Managing the hormonal chaos - Menopause
Clinical Nutrition • • 1 minute to read • By Dr Poonam Vichare, INFS Faculty
Dr Poonam Vichare
Menopause is a time when women stop menstruating and the ovaries stop their function. The time before menopause is called perimenopause. Perimenopause is a signaling time to menopause with high to low (uneven) fluctuations of hormones, estrogen, and progesterone along with the onset of various clinical symptoms that impact the quality of life and behavior of women. The symptoms are,
- Irregular or unusual menstrual flow (hemorrhagic)
- Hot flashes
- Vaginal or sexual symptoms
- Sleep and mood changes
- New onset of or worsening of mood disorders.
The symptoms are not limited to those mentioned.

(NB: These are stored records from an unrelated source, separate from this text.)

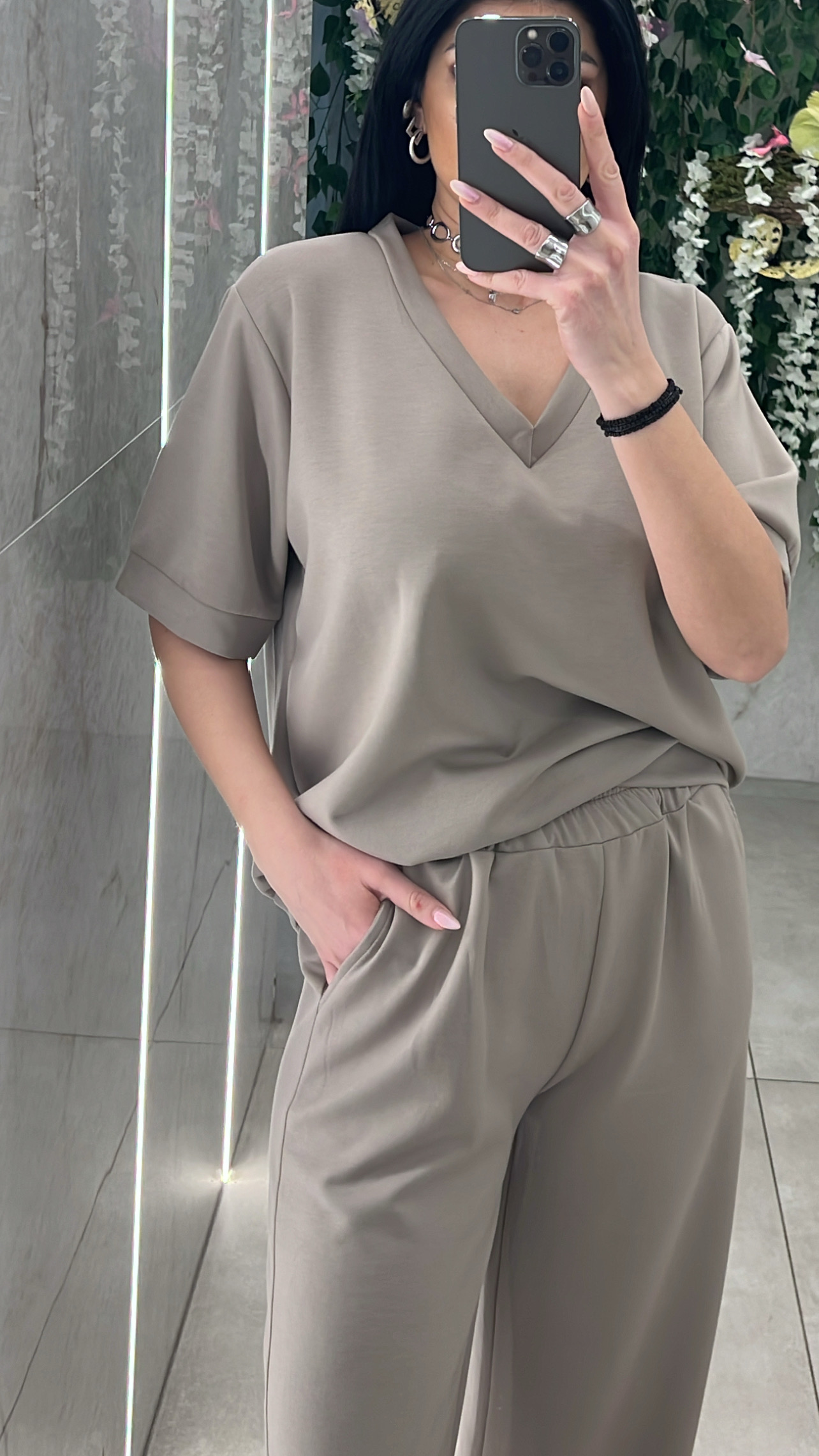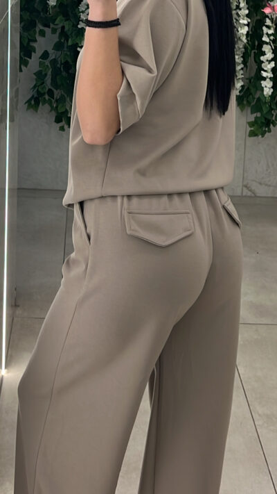 Σετ φόρμας , κοντομάνικι μπλούζα και παντελονα με λάστιχο και τσέπες στην μεση και διακοσμητικες τσέπες πισω .
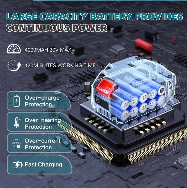 High-Capacity Lithium-ion battery, delivery longer runtime and extra torque
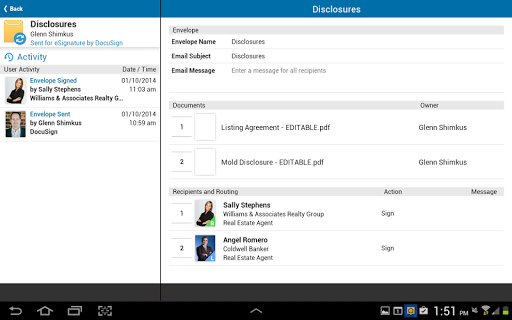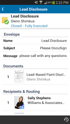 • Monitor the status of your envelopes and receive notifications when parties have signed and when your envelope is complete.
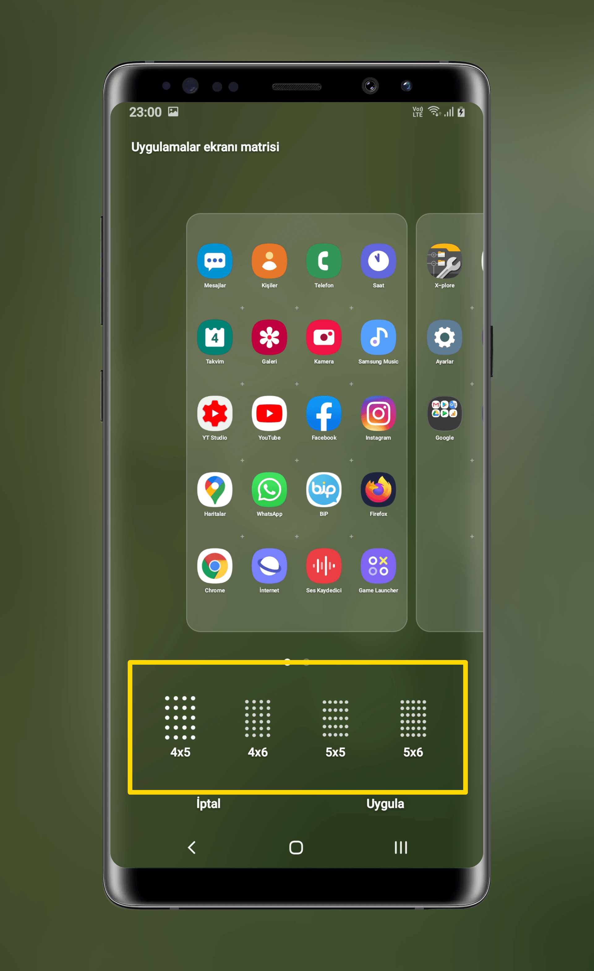 5. Şimdi gelin seçimlerin nasıl göründüğüne hep birlikte bakalım. 4×5 ve 5×6 arasında nasıl bir fark olduğunu anlamak için sizler için hazırlamışolduğumaşağıdakiresimlere bakabilirsiniz. 4×5 seçildiği zaman simgeler daha büyük olmaktadır. Simgelerin büyümesi demek sayfa başına düşecek uygulama simgesinin de azalması demektir.Ben kendi cihazımda 5×6 kullanmaktayım bunun sebebi ise sayfa başı düşen uygulamanın artmasını sağlamaktır. Sizler dilediğiniz ayarları kullanabilirsiniz.
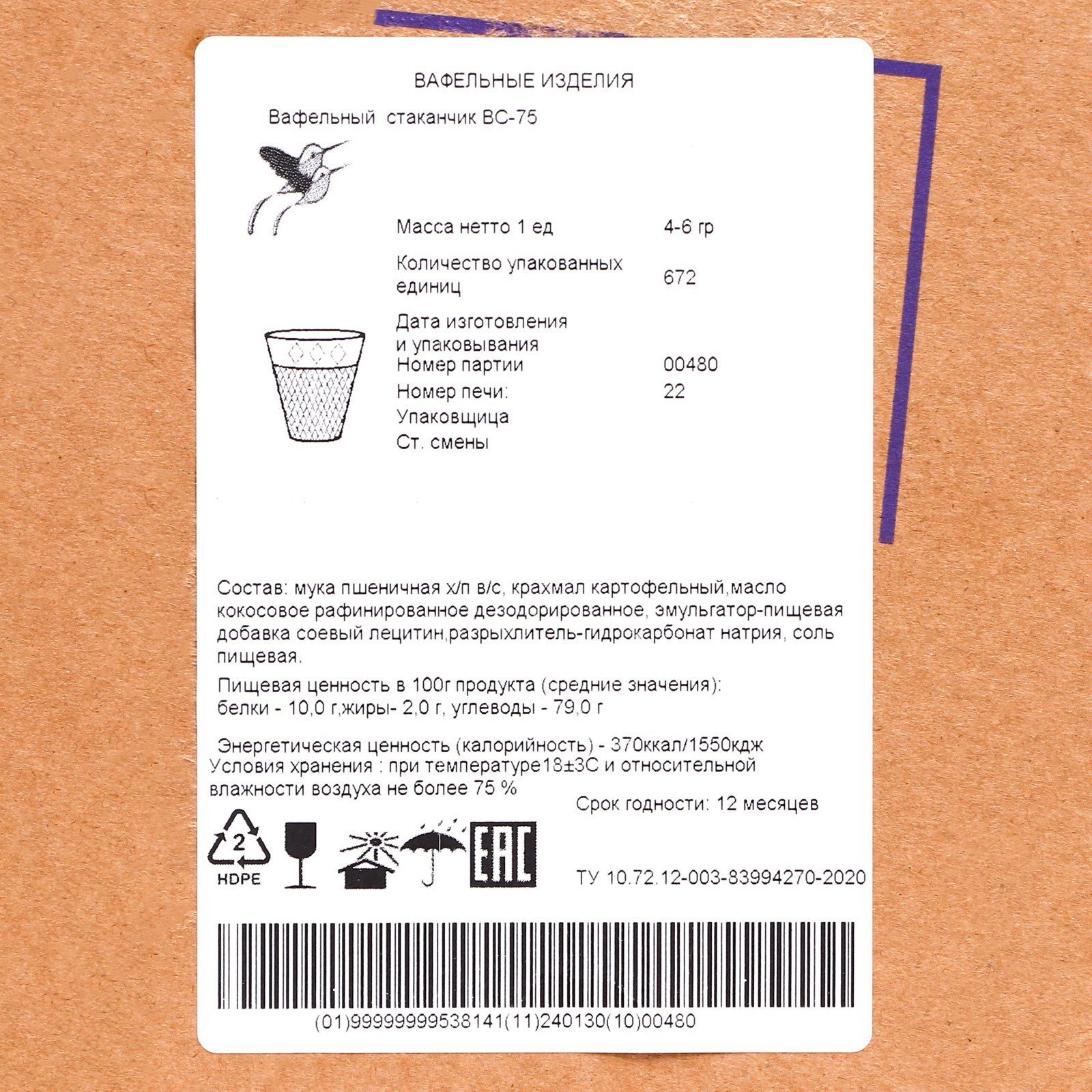 Вафельный стаканчик классический с усиленным дном, 672 шт., Россия

The first or early stage is identified either with the persistent difference in menstrual cycle length (≥ 7 days) or one or more skipped cycles. This irregularity progresses to the next stage.
The late menopausal transition, which has longer periods of an amenorrhea of 60 days or more lasting for 1-3 years and dramatic fluctuations in hormones. This stage is associated with vasomotor symptoms (VMS) [the highest prevalence is found after final menstrual period (FMP)]. VMS is also known as “Hot flashes” or hot flushes. Other symptoms are, vaginal disturbances, sleep disturbances, mood changes, urinary incontinence, cognitive decline, weight gain and sexual dysfunction. These last for 1-2 years after menopause, but can be longer in a few women for up to 10 years.
The hormonal chaos
Early menopause is associated with an increased risk of Cardiovascular Diseases and osteoporosis, and a decreased risk of breast cancer. These are based on the levels of estrogen. The hormonal changes in the transition of menopause are an increase in the follicle stimulating hormone (FSH) and luteinizing hormone (LH) and a decrease in estrogen, progesterone, testosterone, androstenedione, DHEA, thyroxine (T3), triiodothyronine (T4), and growth hormone (GH).
Risks associated with menopause
Along with the other health factors, menopause also influences changes in body composition leading to decreased muscle and bone mass with increased fat mass, hence gaining weight. It also increases chances of metabolic disorders and other bone diseases like osteoporosis. Abnormal bleeding in the menopause phase poses a challenge by either mimicking or masking pathological diagnosis like reproductive cancers. A thorough evaluation has to be done by a medical physician by assessing various factors like BMI, thyroid, uterus, cervix etc.
Menopause is when women enter into another stage of life. Women should understand that it is not a medical issue & each woman may encounter it in an unexpected and different way. They can either improve their lifestyle habits and deal with the symptoms. Few of the tips can be included, but not limited to,
- Lifestyle changes like avoiding alcohol, caffeine & smoking.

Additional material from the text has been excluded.